The International Swaminarayan Satsang Mandal (ISSM) is a religious organisation of the Hindu faith based in USA. It comes under the Laxmi Narayan Dev Gadi of the Shree Swaminarayan Sampraday. The organisation has temples and centres in various parts of the country as well as a temple in Chicago, Illinois (America).

"International Swaminarayan Satsang Mandal" is a federally registered trade mark of ISSO of Chicago, Inc. in the USA. Currently, ISSM has been Associated with SS-AUSM, SS-AUSM still remains with Shri Swaminarayan Mandir, Chicago (Wheeling). LNDYM Youth wing has been established under SS-AUSM in order to spread the Swaminarayan Sampraday.

==Temples==

ISSM originally had six temples under it, all of them being named Vadtal Dham after Vadtal in India, where the headquarters of the parent organisation is located. The temple in Grand Prairie is an exception, being named Gadhpur Dham after the Swaminarayan temple in Gadhada.
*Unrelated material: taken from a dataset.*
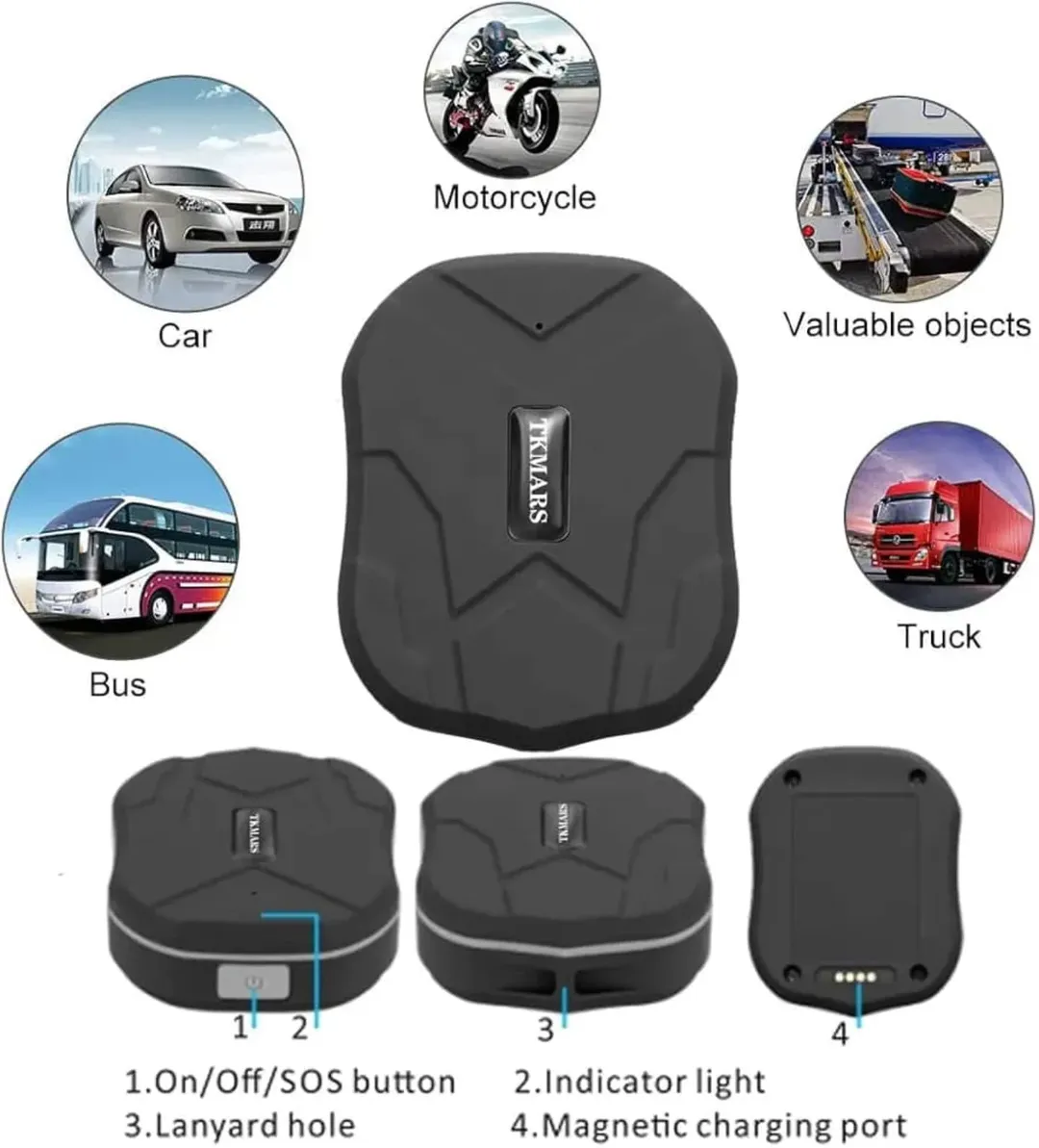 ردیاب GPS کوچک ضد سرقت با آمپر ساعت ضد آب IP65، ردیابی در زمان واقعی با موتور لرزشی، شارژ مغناطیسی و برنامه رایگان بدون اشتراک.

- Grand Prairie: Opened on 4 July 1991, when the image of Swaminarayan in the form of Ghanshyam was installed by present Acharya Shree Ajendraprasad Pande of the Vadtal Gadi.
- Chicago (Wheeling): This temple was dedicated in 1991. It has the titles Vadtal Dham, Vadtal of USA, ISSM, and ISSO of Chicago The central deity in this temple is Swaminarayan in the form of Ghanshyam by present acharya Ajendraprasadji Maharaj.
- New Jersey: Inaugurated on 14 June 2017 by Bhavi Acharya Nrigendraprasadji Maharaj in Monmouth Junction, New Jersey.
- Scranton: Dedicated in 2014, murtis were installed by P.P. 108 Bhavi Acharya Shree Nrigendraprasadji Maharaj. "Vadtal Gadi"
- Richmond: Also dedicated in 2014 and murtis were installed by Nrigendraprasadji Maharaj. "Vadtal Gadi"
- Houston, Texas: Also dubbed Vadtal Dham, this Mandir is being built in Houston under the command of Ajendraprasadji Maharaj
- Monmouth Junction: Pratistha date is being planned in summer of 2017 under the guidance of Ajendraprasadji. This mandir has Saturday Satsang at 5:00 pm. "Vadtal Gadi"
- Downey: This temple was dedicated in 2000. The temple has images of Lakshmi Narayan and Swaminarayan in the form of Ghanshyam also by Ajendraprasadji
- Racine, WI: Shree Swaminarayan Hindu Temple Racine has been opened for Darshan. Official Murti Pran Pratishtha is still under planning, but very near.
- London: LNDYM London has been holding weekly Satsang sabhas and are currently seeking a permanent place of worship.
- Australia: LNDYM Australia holds bi-weekly Satsang Sabhas in Various cities.
- Congo: P.P. Lalji Shree Nrigendraprasadji Maharaj performed Pratishtha in February 2014 and holds daily Satsang sabhas. This is also the headquarters of LNDYM Africa.
- Seychelles: LNDYM Seychelles currently is allied with NNDYM Seychelles to continue spreading Satsang on the island.
- Dubai: LNDYM Dubai currently holds Satsang sabhas at satsangis' homes.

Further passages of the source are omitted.